Introspection is a useful and welcome addition to Bitcoin Cash's Smart Contract capabilities. This CHIP describes a well thought-out and efficient way of achieving it and therefore has my full support and endorsement.

Rosco Kalis - cashscript

If this CHIP is implemented, I will commit to supporting the entire range of implemented introspection opcodes in CashScript. This greatly simplifies the compiler code that deals with introspection and will result in smaller and more efficient covenant contracts.

Changelog

This section summarizes the evolution of this document.
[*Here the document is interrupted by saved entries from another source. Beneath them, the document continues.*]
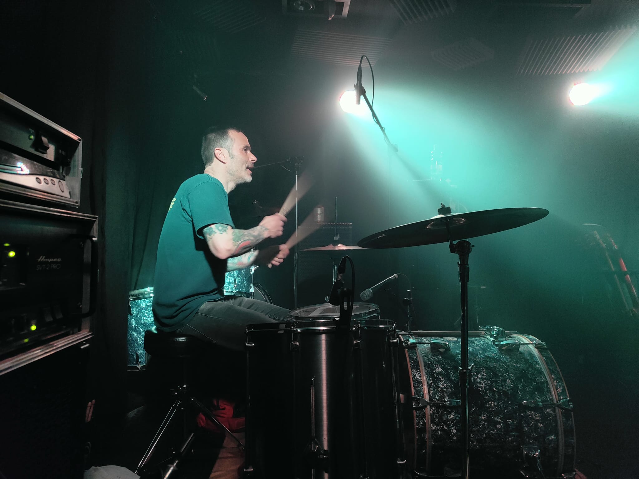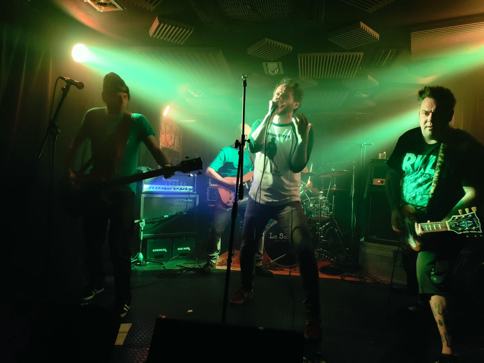Tras dos canciones con algún problema de sonido (realmente durante el primer tema la guitarra sonaba excesivamente baja), aquello comenzó a sonar bien, y la peña empezó a animarse cada vez más. El público estaba entregadisimo. También tengo que decir que yo, personalmente, y a pesar de que me lo pasé genial, no conseguí identificar ningún tema. Llamadme rara. Eso sí, lo que sí conseguí fue que me pitaran los oídos durante dos días.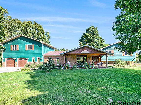 Spectacular, immaculate custom home happily located on over 17 acres of gentle land, for peace, relax and any of your hobbies. House features 6 bedrooms and 4 baths, a large custom-built high-end kitchen with granite countertops for your gatherings, and a living room complemented by a stately, custom-built gas fireplace, with views both of the front lawn and the expansive deck and backyard. It does not end here. A movie theatre room with high quality tech, a flexible space with another kitchen for gatherings or in-law-suite possibilities are located on the second floor, together with two of the bedrooms, and a full bath. The generous main bedroom and main bath enjoy a walkout and a custom stone and limestone wood fireplace for your cozy winters. An additional three bedrooms and one bath are situated on the bilevel end of the home. This excellently maintained property is complemented by two outbuildings, a dog kennel, and a long list of updates! Your paradise is move-in ready!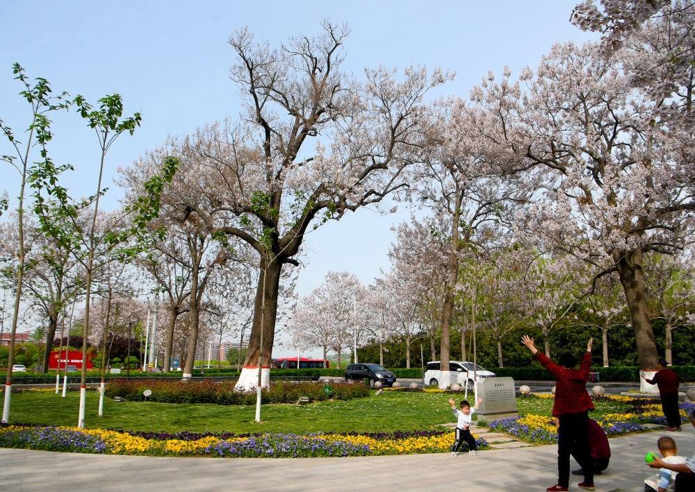 2024年4月16日,人們在焦裕祿干部學(xué)院門口的“焦桐”廣場參觀游玩。新華社記者 郝源 攝
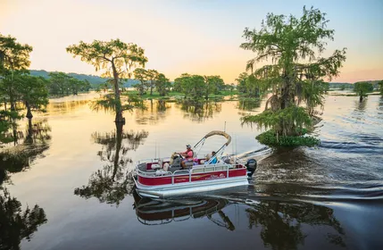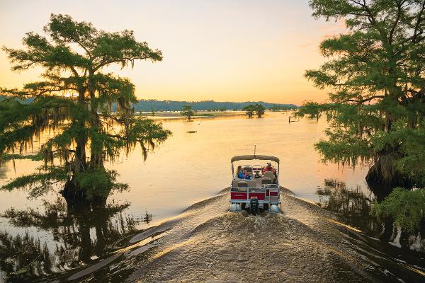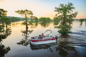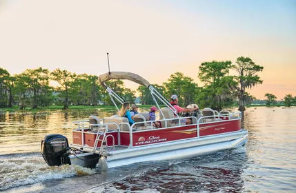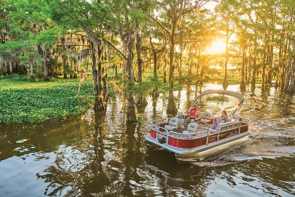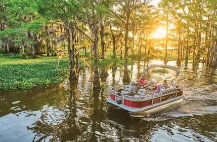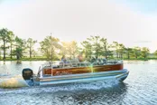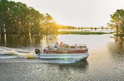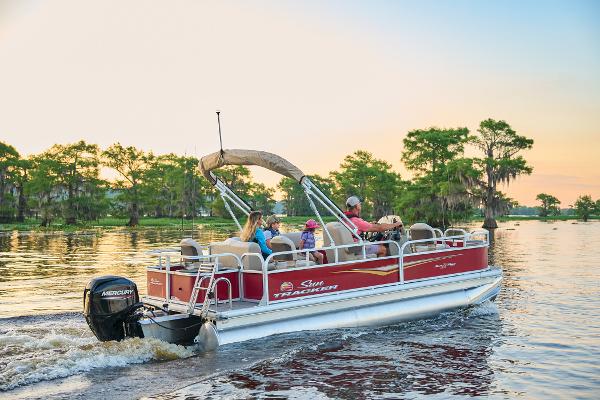 7' (2.13 m) polyester Bimini top w/easy-adjusting straps, trailering-position arms & protective boot (color-coordinated Sand w/Copper Red or Indigo Blue fencing)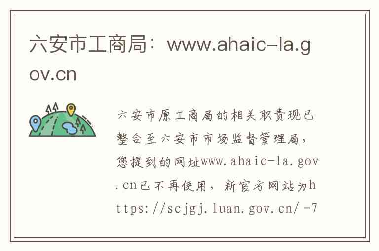 六安市原工商局的相关职责现已整合至六安市市场监督管理局,您提到的网址www.ahaic-la.gov.cn已不再使用,新官方网站为https://scjgj.luan.gov.cn/ -7-10。以下为您详细介绍其内容服务与联系方式。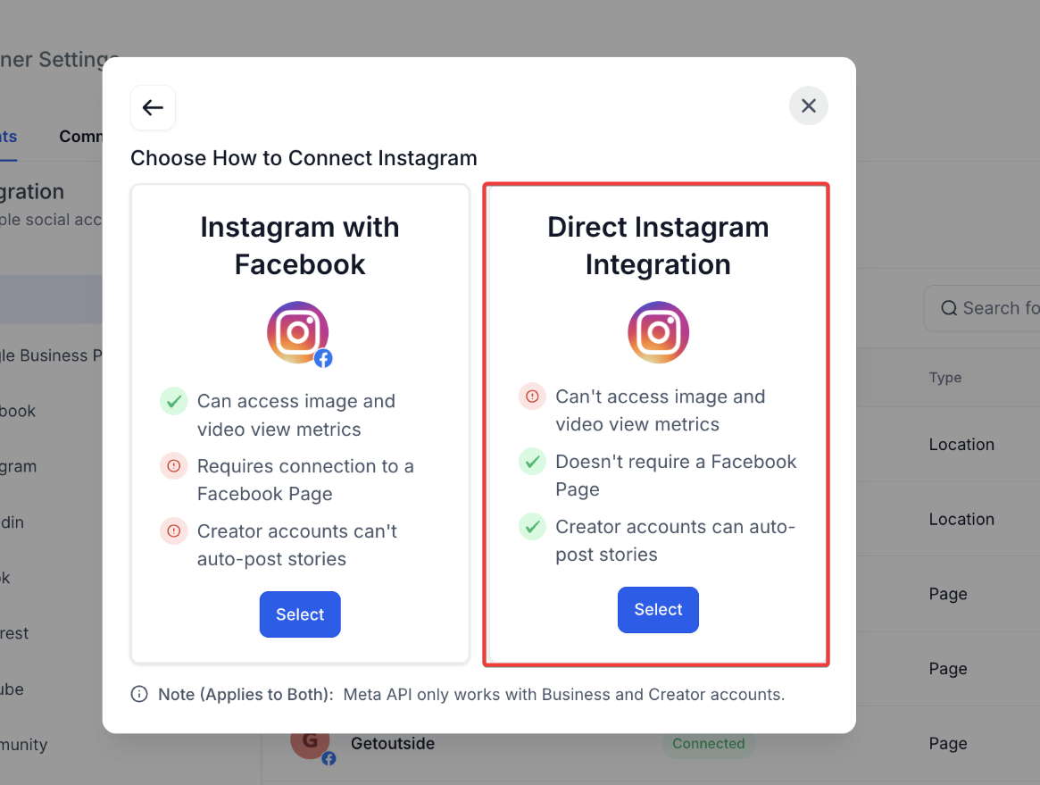 Connecting Instagram to Social Planner: Facebook-Linked vs. Direct Instagram Integration

v1.1.4 - 2021-12-1 (current)
- Link to BCHN test cases
v1.1.3 - 2021-8-25 (29054bb8)
- Add support for OP_CODESEPARATOR in OP_ACTIVEBYTECODE (#27)
v1.1.2 - 2021-6-22 (e9e8a67d)
- Clarify minimal-encoding requirement for unary operation indexes
- Clarify interaction with CHIP: Bigger Script Integers
- Clarify (lack of) effect on transaction validation costs
v1.1.1 - 2021-6-10 (f501154f)
- Added statement from stakeholder
v1.1 – 2021-6-8 (d67eb98b)
- Added version and Changelog
- Extracted integration specifications into independent CHIP Integration sections
- Correct and clarify resulting byte order of OP_OUTPOINTTXHASH
- Clarify failure of introspection operations which attempt to exceed stack limits
v1.0 – 2021-6-3 (163f74be)
- Revised technical specification:
  - Convert OP_OUTPOINTTXHASH, OP_OUTPOINTINDEX, OP_UTXOBYTECODE, and OP_UTXOVALUE to unary operations
  - Group operations by arity (nullary, unary), then by P2P transaction format order
  - Distinguish OP_ACTIVEBYTECODE from unary OP_UTXOBYTECODE (rationale)
  - Removed formatting operations (OP_NUM2VARINT and OP_VARINT2NUM) and aggregated/hashed/templated operation placeholders
  - Specified integration strategy for CHIP: Version 3 Transaction Format (PMv3) and CHIP: Bigger Script Integers
- Added Rationale section, revised supporting material (Summary, Deployment, Motivation, Benefits, etc.)
v0.1 – 2021-3-22 (95a99e22)
- Expanded Motivation and Benefits, Costs and Risks, and List of major stakeholders
- Initial technical specification
v0 – 2021-2-21 (53989f7d)
- Initial draft

Copyright Notice

Permission is granted to copy, distribute and/or modify this document under the terms of the MIT license.